Some Progress Made, But is It Enough?

In 2017, a CDC analysis of changes in opioid prescribing in the U.S. offered a small glimpse that things could turn around, though much more still needs to be done. The report found that the number of opioids prescribed in the US peaked in 2010, and then fell each year through 2015. This means some doctors prescribed opioids less often and at lower doses during that five-year period.

However, the prescribing rate for prescription opioids in 2015 was still about three times as high as it was in 1999. Prescription rates also varied widely across the U.S.

“Higher amounts of opioids were prescribed in counties with a larger percentage of non-Hispanic whites; a higher prevalence of diabetes and arthritis; micropolitan counties; and counties with higher rates of unemployment and Medicaid enrollment,” the CDC reports.

Doctors are also giving their patients prescriptions that last longer, something that increases the chances that a person can become addicted and overdose, possibly fatally.

Not All Opioid Abuse Starts with OxyContin, or Other Prescription Drugs

Government data tells part of the story about America’s opioid drug addiction crisis, as a 2017 study demonstrates.
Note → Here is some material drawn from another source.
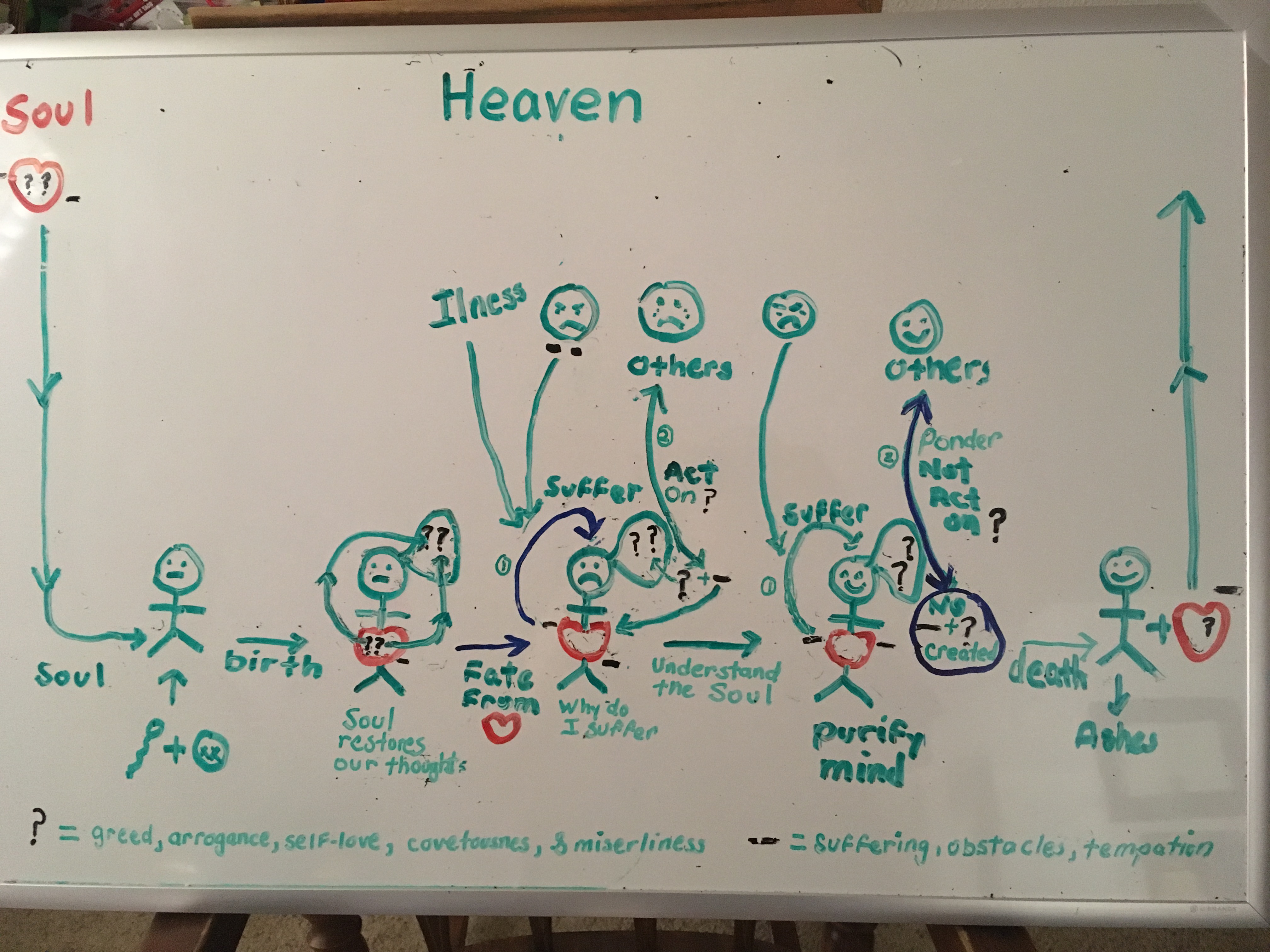 My recent blogs have been about the soul; and how by understanding the soul, we can purify our minds and have a joyous life. To simplify my explanations, I have attached the image below. A picture may be worth a thousand words.

The data offers some insight into how opioid addiction starts for people who didn’t just fall into the addiction through prescription medications.

Some users are skipping prescription drugs altogether and going straight the street drug heroin to kick-start their opioid use, which is one reason why reducing the prescription drug supply might not be enough to stem opioid use.

In the study, it showed that in 2005, nine percent of nearly 6,000 first-time opioid users started with heroin, but by 2015, the number of first-time opioid users who started with heroin jumped to 33.3 percent.

The study also found that novice opioid users now prefer heroin is over hydrocodone and oxycodone.

Ultimately, the upshot is that this is a multi-faceted problem that won’t go away simply by curbing OxyContin prescriptions. To tackle this drug epidemic, we need to help everyone to help spread awareness and education about addiction.